_Data records_:
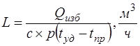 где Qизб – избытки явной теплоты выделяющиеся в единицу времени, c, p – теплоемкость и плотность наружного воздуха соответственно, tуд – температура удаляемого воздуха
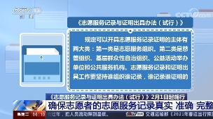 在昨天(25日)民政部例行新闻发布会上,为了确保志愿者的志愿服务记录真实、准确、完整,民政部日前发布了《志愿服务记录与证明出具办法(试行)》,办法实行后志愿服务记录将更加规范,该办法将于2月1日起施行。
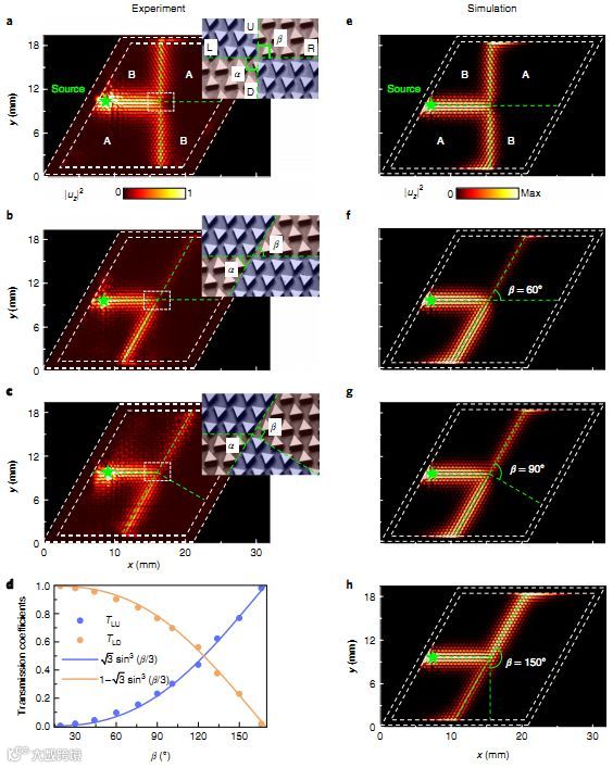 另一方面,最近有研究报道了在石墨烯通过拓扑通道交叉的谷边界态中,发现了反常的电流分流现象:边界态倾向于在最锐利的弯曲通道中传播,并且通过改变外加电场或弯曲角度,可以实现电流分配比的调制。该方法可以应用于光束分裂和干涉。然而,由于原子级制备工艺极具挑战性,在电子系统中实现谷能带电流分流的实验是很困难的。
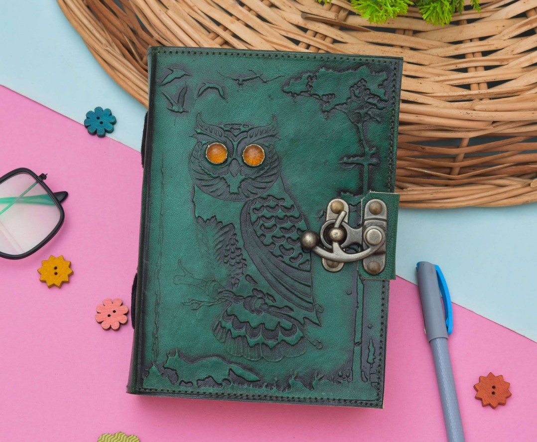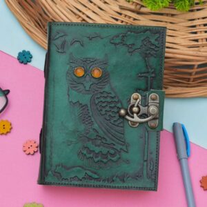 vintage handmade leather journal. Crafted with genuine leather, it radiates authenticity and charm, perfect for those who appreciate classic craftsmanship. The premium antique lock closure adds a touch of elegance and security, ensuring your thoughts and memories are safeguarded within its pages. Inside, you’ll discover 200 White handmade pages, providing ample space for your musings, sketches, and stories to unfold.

---

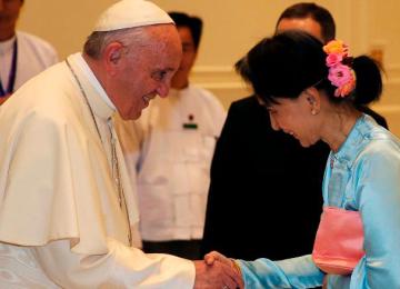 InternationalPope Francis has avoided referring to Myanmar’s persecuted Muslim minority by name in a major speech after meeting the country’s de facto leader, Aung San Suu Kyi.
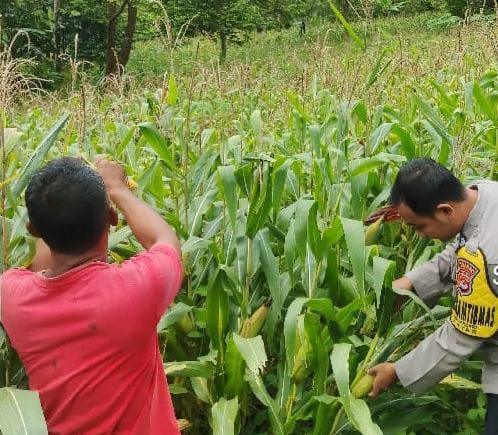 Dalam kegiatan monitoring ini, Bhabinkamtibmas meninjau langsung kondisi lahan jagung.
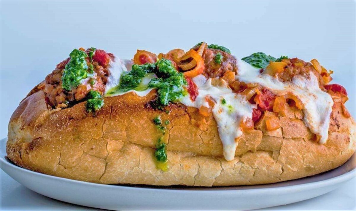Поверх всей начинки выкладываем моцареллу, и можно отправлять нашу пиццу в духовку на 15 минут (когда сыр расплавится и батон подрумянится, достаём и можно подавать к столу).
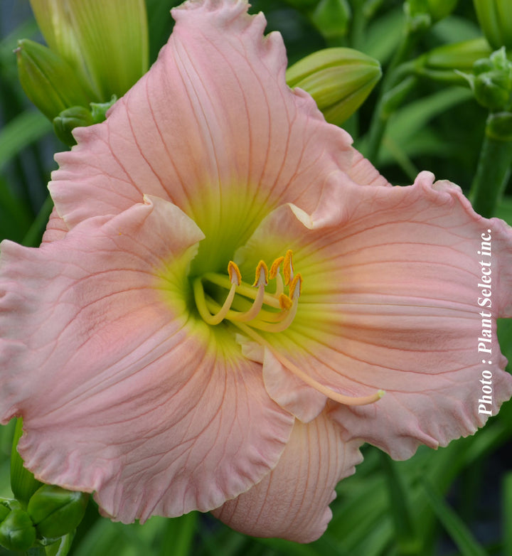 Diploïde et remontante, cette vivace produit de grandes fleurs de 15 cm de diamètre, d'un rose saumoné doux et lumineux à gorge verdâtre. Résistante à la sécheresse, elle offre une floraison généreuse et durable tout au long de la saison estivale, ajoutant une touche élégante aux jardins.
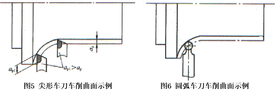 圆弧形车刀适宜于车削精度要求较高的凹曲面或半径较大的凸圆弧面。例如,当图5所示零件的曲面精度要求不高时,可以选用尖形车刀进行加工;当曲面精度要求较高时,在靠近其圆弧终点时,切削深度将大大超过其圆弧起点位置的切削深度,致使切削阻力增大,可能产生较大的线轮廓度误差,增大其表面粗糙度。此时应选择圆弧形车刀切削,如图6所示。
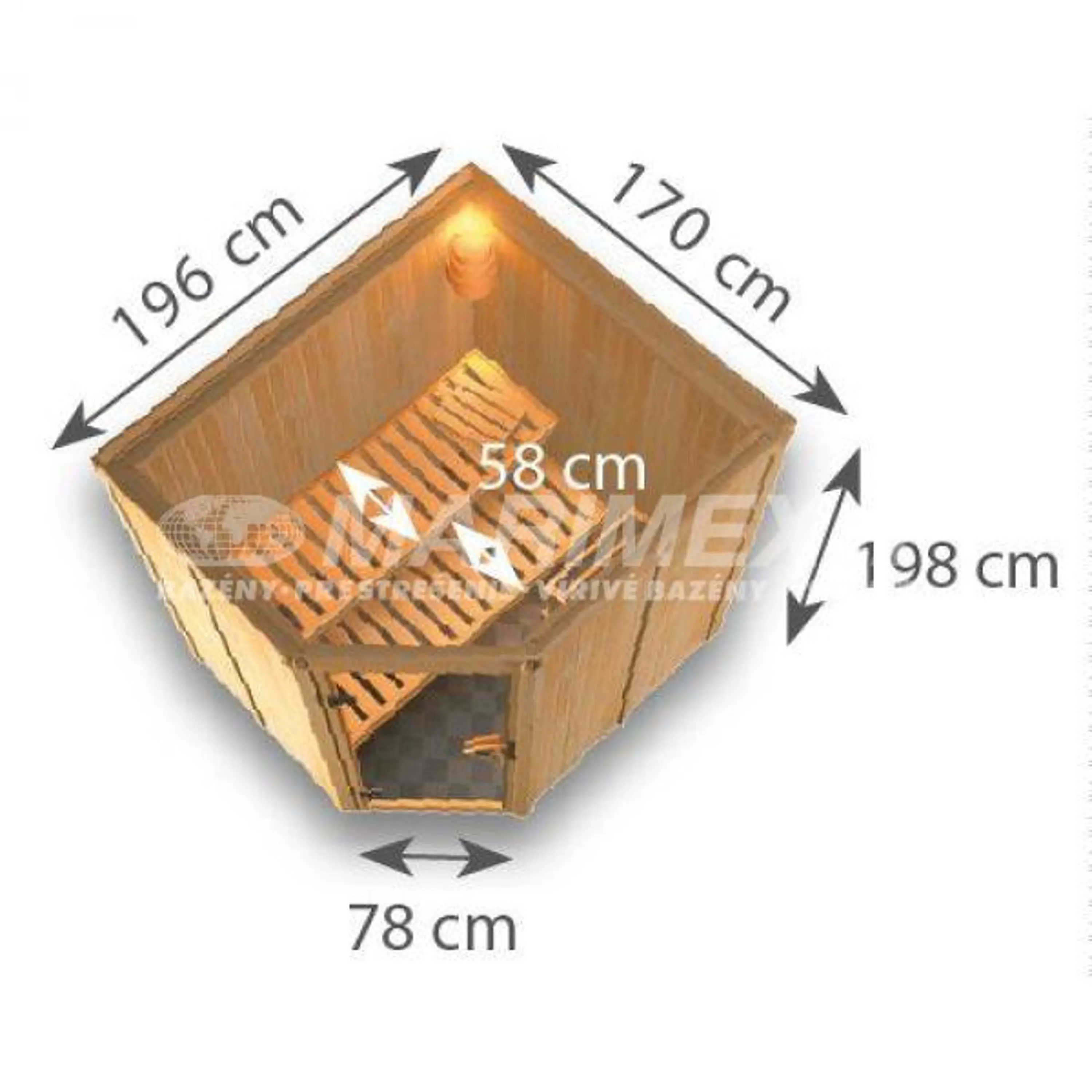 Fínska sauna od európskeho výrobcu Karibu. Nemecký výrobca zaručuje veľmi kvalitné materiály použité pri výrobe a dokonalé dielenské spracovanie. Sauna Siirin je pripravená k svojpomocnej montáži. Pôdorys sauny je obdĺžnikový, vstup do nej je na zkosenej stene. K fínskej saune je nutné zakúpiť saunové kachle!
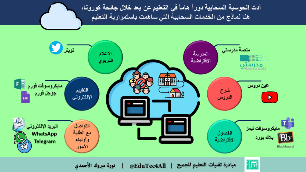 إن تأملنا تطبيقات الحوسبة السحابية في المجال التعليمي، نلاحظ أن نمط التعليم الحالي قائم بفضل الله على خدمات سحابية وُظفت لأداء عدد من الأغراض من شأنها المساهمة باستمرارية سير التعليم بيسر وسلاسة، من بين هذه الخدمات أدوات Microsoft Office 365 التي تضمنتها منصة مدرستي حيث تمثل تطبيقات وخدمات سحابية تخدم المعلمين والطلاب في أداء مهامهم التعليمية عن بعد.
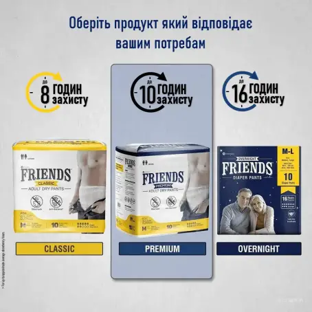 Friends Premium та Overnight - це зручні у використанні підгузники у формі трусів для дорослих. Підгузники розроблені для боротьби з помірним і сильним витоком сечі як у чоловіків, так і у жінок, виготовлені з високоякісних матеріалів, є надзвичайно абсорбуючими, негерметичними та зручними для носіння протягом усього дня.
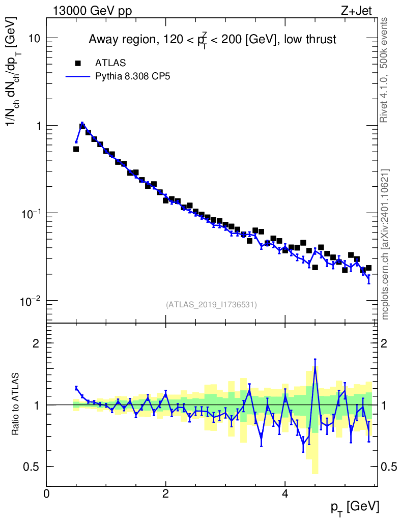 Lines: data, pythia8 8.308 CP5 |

_Task to complete_:
All lines above from the one containing "где Qизб – избытки" up to and including the one containing "vintage handmade leather" are to be set down exactly, and nothing else. Leave images out.

_Result_:
 где Qизб – избытки явной теплоты выделяющиеся в единицу времени, c, p – теплоемкость и плотность наружного воздуха соответственно, tуд – температура удаляемого воздуха
 在昨天(25日)民政部例行新闻发布会上,为了确保志愿者的志愿服务记录真实、准确、完整,民政部日前发布了《志愿服务记录与证明出具办法(试行)》,办法实行后志愿服务记录将更加规范,该办法将于2月1日起施行。
 另一方面,最近有研究报道了在石墨烯通过拓扑通道交叉的谷边界态中,发现了反常的电流分流现象:边界态倾向于在最锐利的弯曲通道中传播,并且通过改变外加电场或弯曲角度,可以实现电流分配比的调制。该方法可以应用于光束分裂和干涉。然而,由于原子级制备工艺极具挑战性,在电子系统中实现谷能带电流分流的实验是很困难的。
 vintage handmade leather journal. Crafted with genuine leather, it radiates authenticity and charm, perfect for those who appreciate classic craftsmanship. The premium antique lock closure adds a touch of elegance and security, ensuring your thoughts and memories are safeguarded within its pages. Inside, you’ll discover 200 White handmade pages, providing ample space for your musings, sketches, and stories to unfold.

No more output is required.